╭──
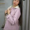 Su tono rosa suave, capucha ajustable y cierre con cremallera brindan protección y comodidad en días de lluvia.
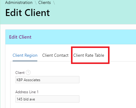 4. Under the title Edit Client, click the Client Rate Table tab
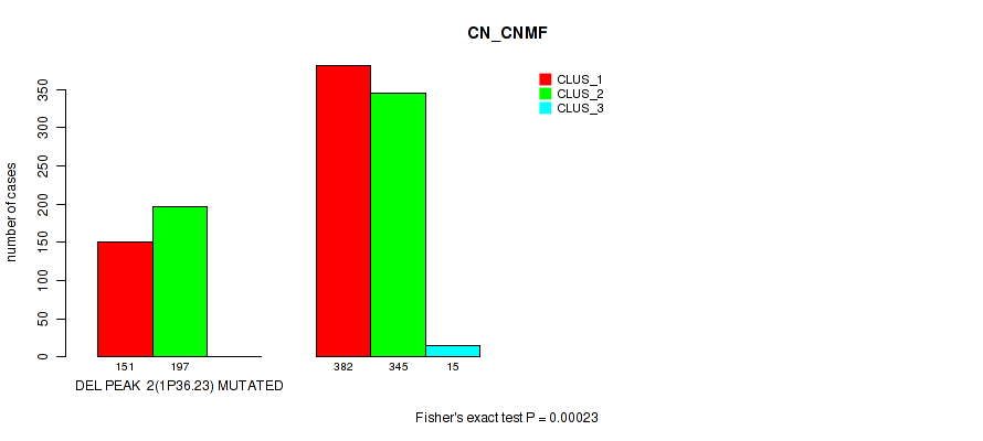 del_1p36.23 cnv correlated to 'CN_CNMF', 'METHLYATION_CNMF', 'MRNASEQ_CNMF', 'MRNASEQ_CHIERARCHICAL', 'MIRSEQ_CNMF', 'MIRSEQ_CHIERARCHICAL', 'MIRSEQ_MATURE_CNMF', and 'MIRSEQ_MATURE_CHIERARCHICAL'.
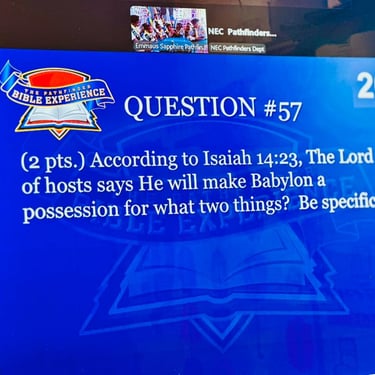 A combined team of seven Pathfinders, six from Emmaus Sapphire Pathfinder Club and one from the Silver Springs Aquamarine Pathfinder Club, gathered in a room at Emmaus Church ahead of the finals. Proceedings officially began at 9:00 am UK time, as the Sapphire Pathfinders logged in and joined the clubs that were physically presentat Hanson Academy, Bradford, UK, for the highly anticipated competition.
╰──
**Instructions for the task:** The data above holds the lines to copy: start at the one with "4. Under the title Edit", stop at the one with "del_1p36.23 cnv correlated", include both, copy them exactly without pictures, and copy nothing else.

**Solution to this exercise:**
 4. Under the title Edit Client, click the Client Rate Table tab
 del_1p36.23 cnv correlated to 'CN_CNMF', 'METHLYATION_CNMF', 'MRNASEQ_CNMF', 'MRNASEQ_CHIERARCHICAL', 'MIRSEQ_CNMF', 'MIRSEQ_CHIERARCHICAL', 'MIRSEQ_MATURE_CNMF', and 'MIRSEQ_MATURE_CHIERARCHICAL'.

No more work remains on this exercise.